In January, Walter Frick, a senior editor at Harvard Business Review, echoed this when he looked at what the magazine had published on decision-making over the years and came up with three rules:
- Be less certain: Overconfidence is the bias that Nobel-prize-winning psychologist Daniel Kahneman has said he would eliminate first if he had a magic wand.
- Ask, “how often does that typically happen?”: If you are considering an acquisition, for example, ask how often success occurs in such situations?
- Think probabilistically: He says research has shown that even relatively basic training in probability makes people better forecasters and helps them avoid some cognitive biases. “Improving your ability to think probabilistically will help you with the first two rules. You’ll be able to better express your uncertainty and to numerically think about ‘How often does this usually happen?’ The three rules together are more powerful than any of them alone,” he stresses.
The problem is that data today often make us feel more certain. We hear stories of success by database, such as the analysts who discovered that men were buying diapers and beer late at night in supermarkets, so those goods should be placed closer together. But we need to be cautious.
Celebrated management thinker Peter Drucker told us that what can’t be measured can’t be managed. McGill University professor Henry Mintzberg loves to have fun with that idea, pointing out that we can’t measure management and we can’t measure measurement – so beware of managers obsessed with measurement.

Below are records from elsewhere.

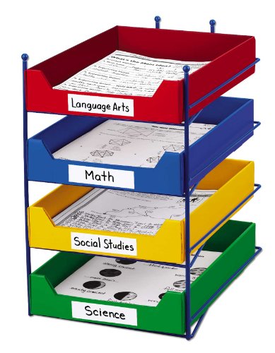 It's easy for students to hand in their work-with our convenient desktop organizer! Four roomy, easy-access storage trays each hold more than 500 sheets of standard-size paper...so you can easily collect and organize homework, classroom quizzes, school notes and more. Metal rack is 15 1/2" tall; sturdy corrugate trays measure 9" x 12 1/2" x 2 1/4" high.
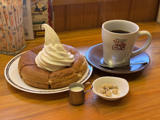 Read moreシロノワール(単品) と、コメダブレンド たっぷりサイズを注文しました。シロノワールは公称 933kcal もあり、はちみつをかけるとカロリーさらにマシマシです。見た目ソフトクリームの量が尋常ではないので覚悟が必要です笑。その分食べた後の満足感は折り紙付きです。スプーンとフォークしか持ってきてくれませんが、デニッシュを切りづらいのでナイフも頼んだ方が良さそうです。 なお日曜日の 11:30 に現地に着きましたが、名前を書いて席に案内されるまで 30分かかる盛況ぶり。レジ前に延々と通路の方を向いて座っている人がいるとおもったら、すべて待っている客でした。恐るべしコメダ。 注文は今時というかスマホアプリで完結しスムーズでした。スマホアプリがあるなら、来店予約もできるようにしてほしいです。 店員のミスが目立ちました。1人様でテーブル席でもカウンターでもどちらでも良い、を選んでいたのに、次の順番の方を店員が先に呼んでしまい、マネージャーっぽい人に指摘されて、誤っていたのが1点。シロノワールにハチミツが付いてこなかったのが2点 (写真に写っていたのはそのためです)。また隣の席の方が、店員に「ご注文は以上でよろしいでしょうか」と聞かれ、まだチキンが来ていないと言っていたのが...
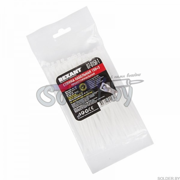 Хомут nylon 3.0 х 150 мм 100 шт черный REXANT арт. 07-0151
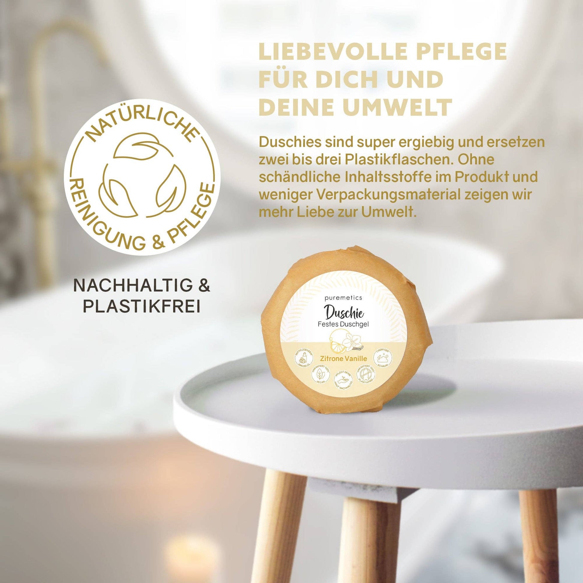 Der handgemachte Duschie „Zitrone Vanille“ von Puremetics ist ein festes Hydro-Duschgel, das Reinigung und Pflege perfekt vereint. Es schäumt cremig, duftet herrlich frisch und hinterlässt deine Haut weich, genährt und geschmeidig – ganz ohne Plastikverpackung.
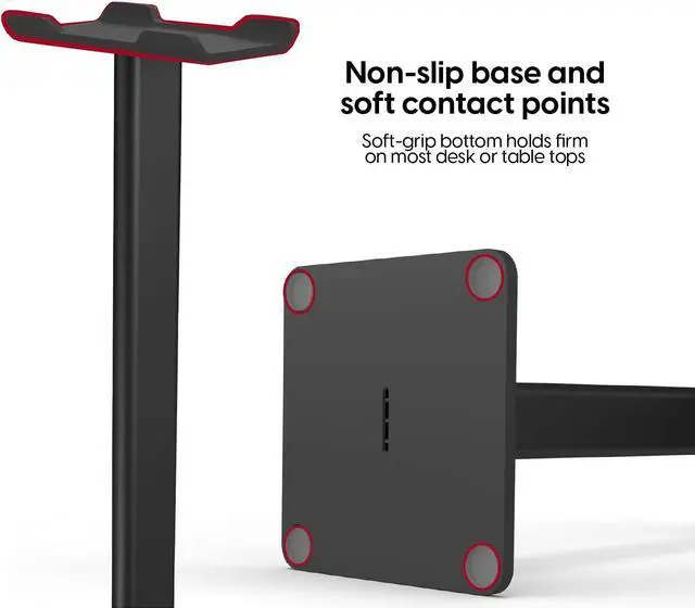 STURDY AND DURABLE: The headphone hook has a flexible yet secure cradle to hold most headphones. The anti-slip base is sturdy with non-slip padding underneath so you do not have to worry about the base scratching your desk surface.
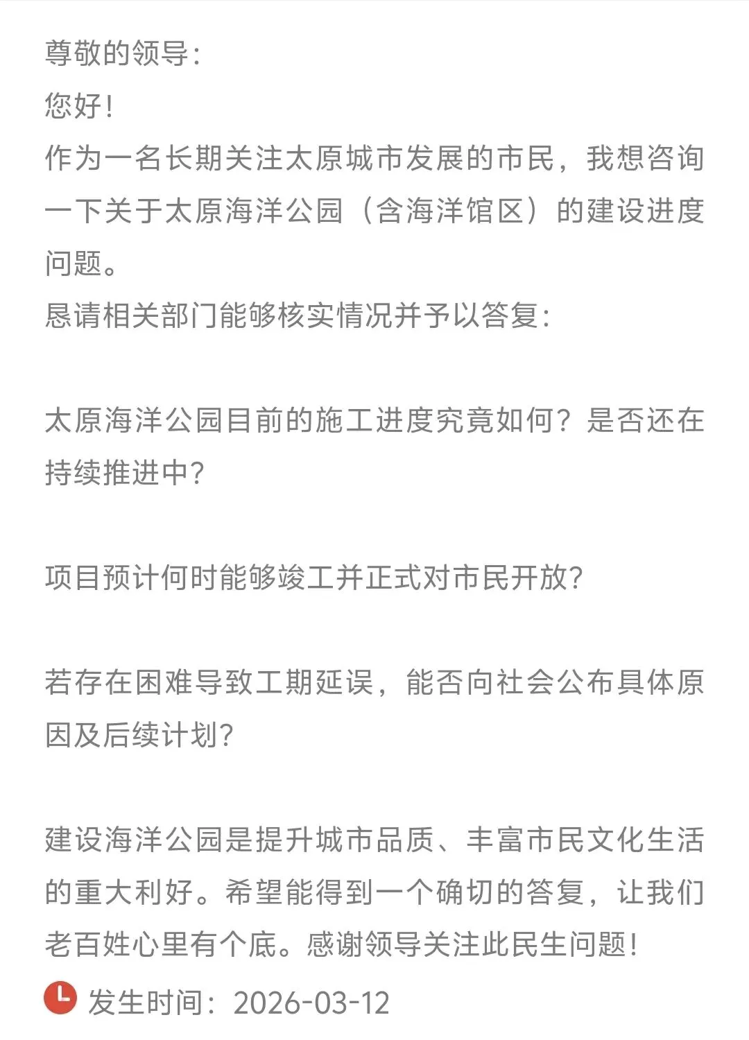 在这则留言中,市民表示,作为一名长期关注太原城市发展的市民,十分关心太原海洋公园的建设情况。他指出,海洋公园的建设不仅有助于提升城市品质,也能丰富市民的文化生活,是一项重大民生利好。
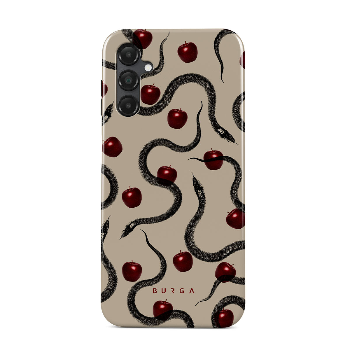 This design features: glossy red apples, coiled serpents, beige tones
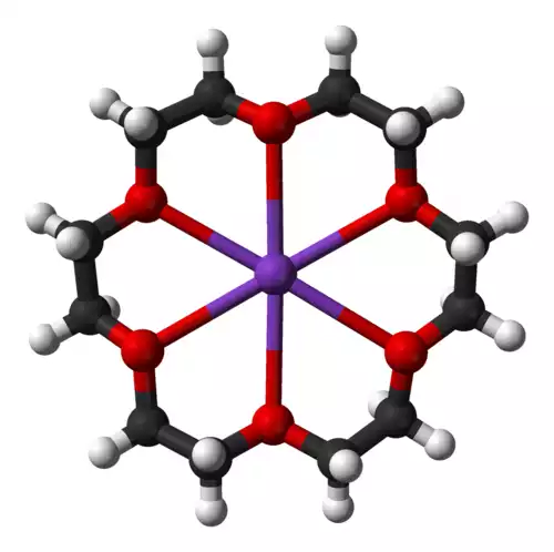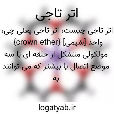 {crown ether} [شیمی] واحد مولکولی متشکل از حلقه ای با سه موضع اتصال یا بیشتر که می توانند به یک عنصر مهمان در مرکز یا نزدیک به مرکز متصل شوند

Most businesses have detailed data on sales, market-research studies on behaviour of customers and an overflow of information from their website on what is being studied and bought. Amazon is a paragon in this field, but when I mention in conversation that it has been dead wrong in its attempts to lure me to further purchases, other people tend to agree. Many websites feed us images of items we searched Google for and decided not to buy. Maybe that’s overconfidence on our part, but if the leading data-analysis companies are flailing, that’s worth considering in our own more modest efforts. Another danger is assuming that the seductively detailed analytics your website coughs up can tell you something about your other customers. Not necessarily.
Consultant Roy Williams warns about the tendency to confuse statistical correlation with causation. Another limitation he flags in his Monday Morning Memo is that data cannot tell you the right thing to do; they can only tell you the result of what you have done.
We can also wield data as a cudgel, to prove our point. That makes our decisions evidence-based, we claim. But Mr. Williams counters that all decisions are evidence-based; the crucial factor is whether you have interpreted the evidence correctly. “The intellect can always find logic to justify what the heart has already decided. Consequently, data is often used in the same way that a drunk man uses a lamppost; for support, not for illumination,” he notes.
So sober up on your use of data. Be less certain, more accurate.
- Research shows that people are more likely to follow advice when they think it comes from an algorithm than from a person.
- Fighting back against LinkedIn, ad contrarian Bob Hoffman listed his job as chief aggravation officer. He was recently advised that LinkedIn has filled 5,475 chief aggravation officer jobs. I searched and found over 1,500 job results for that post. Hmmm.
- McKinsey & Co. warns that a red flag with advanced analytics comes when the executive teams lacks a solid understanding of the difference between traditional analytics, which involve business-intelligence tools and reporting, and the more advanced possibilities through predictive and prescriptive tools such as machine learning. The consultants also urge you to hire analytic translators who can help business leaders indentify high-impact analytical approaches and then explain the situation to data scientists.